Seperti pada pengantar di awal buku @bukik, ia merasa semakin dia banyak tahu tentang sesuatu semakin ia menemui kondisi baik dan buruk. Semakin dia tahu semakin dia yakin tak ada yang dapat dilakukan terhadap kondisi buruk dan hal itu menjadi ancaman baginya sehingga muncullah respon reaktif yang saat itu dia namakan kekecewaan. Kondisi seperti ini dimulai saat kaum modernis menancapkan manifesto bahwa manusia adalah subjek dari dunia. Akibatnya, manusia dianggap sebagai satu-satunya pelaku dan satu-satunya entitas yang menanggung segalanya. Termasuk ide dan beban perubahan. Jadi sebuah tindakan wajib dilakukan manusia untuk mengantisipasi segala kemungkinan buruk yang dapat menimpa dunia.
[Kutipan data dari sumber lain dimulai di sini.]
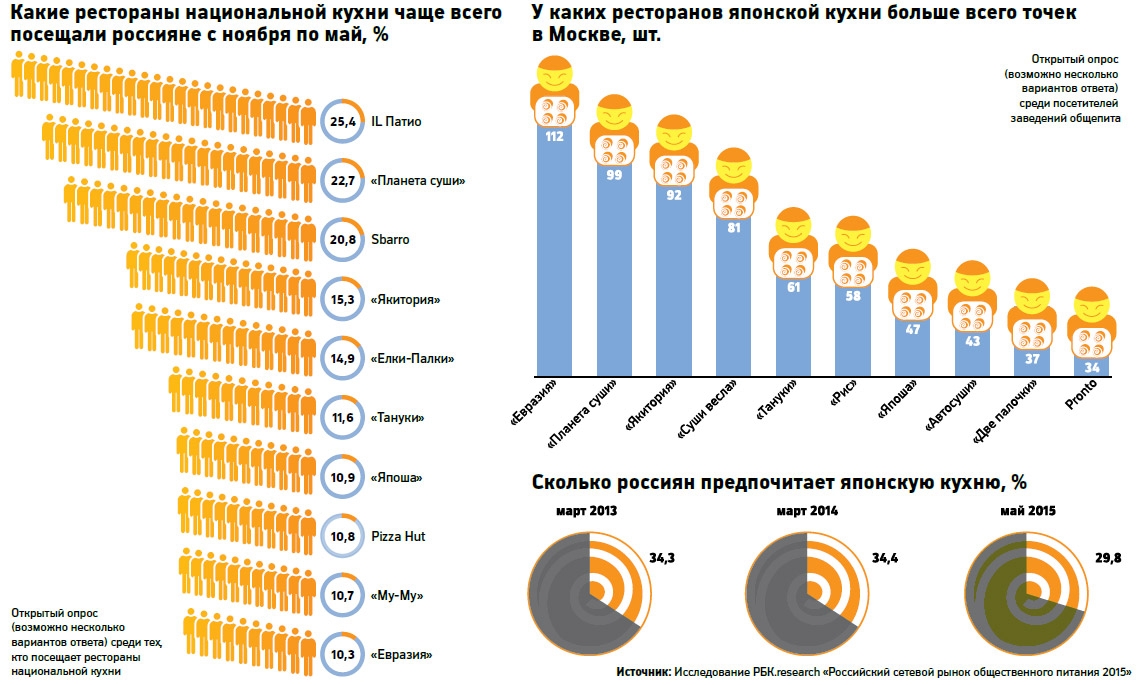 Сейчас японская кухня есть везде, даже в кофейнях и пиццериях, и потребитель от нее устал, говорит исполнительный директор консалтинговой компании Restcon Андрей Петраков. «У заведений японской кухни действительно есть проблемы, она стала менее интересной, явно виден спад. На него накладывается еще и падение потребительского спроса, из-за которого, независимо от кухни, закрывается много ресторанов», — уточняет он.
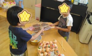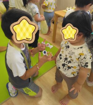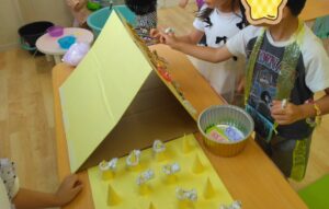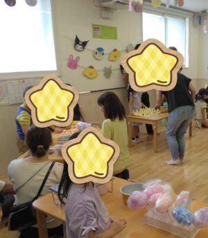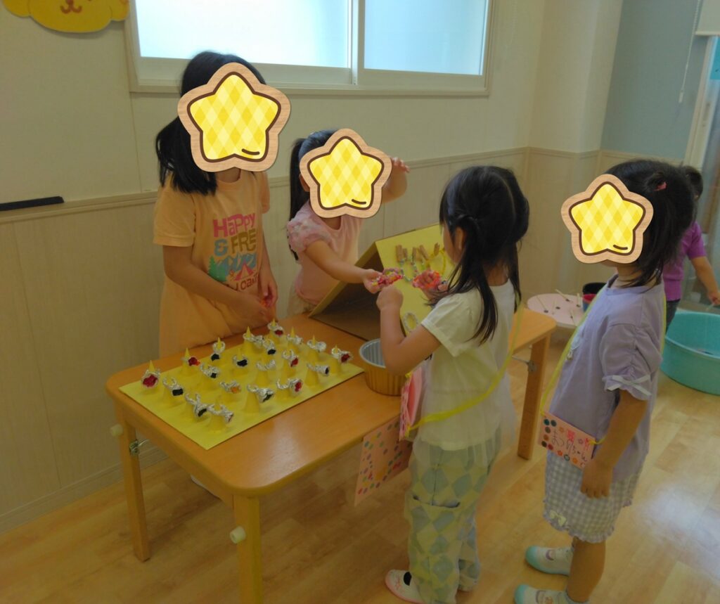 お客さん役の子ども達は、お金を入れた財布を首から下げて好きなお店を回りました。お客さん役の子ども達も自分から「オススメありますか?」や「3個ください」などと、積極的に発言し、やり取りを楽しむことができていました😄
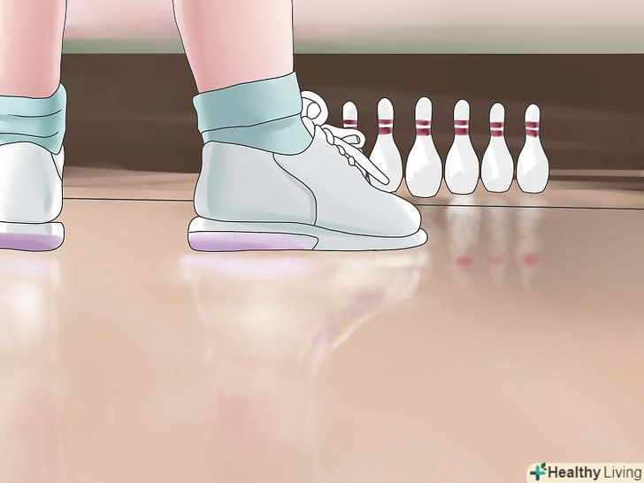 Чітко уявіть собі лінію, по якій ви будете кидати кулю уздовж доріжки. вона може сильно відрізнятися в залежності від доріжок, на яких ви граєте, але давайте зосередимося на типовому стані доріжки: велика частина масла на внутрішній частині доріжки, для використання залишається приблизно 8-10 відносно сухих дощок. Ці дошки можуть бути вам одночасно і другом і ворогом. Залежно від кількості масла і від того як куля буде вести себе на доріжках різного стану, ви захочете розташувати ноги трохи лівіше доріжки. Як тільки ви познайомитеся ближче з хуком, ви зможете, при необхідності скорегувати стійку.- Починати підхід, розташувавши праву ногу на центральній точці, - це хороший спосіб перевірити, наскільки доріжка придатна для закрученого кидка. Дуже важливо тримати ноги разом, щоб зберегти рівновагу.

Itulah kawan mengapa pula munculnya kaum post-modernis di dunia hanya menjadi bahan olok-olok ketika mereka menasbihkan bahwa manusia bukanlah pusat dari segalanya. Kembali lagi pada Berubah itu Diam. Konsep ini sebenarnya jika tidak mau dilabeli, justru mengarah pada konsep Post-Strukturalis dimana kekuasaan diserahkan kepada relasi-relasi kuasa. Manusia hanyalah entitas kecil yang terjerat oleh relasi-relasi tersebut. Tak perlu mereka bergerak untuk mencapai peruabahan. Karena dengan diam mereka sebenarnya telah berubah.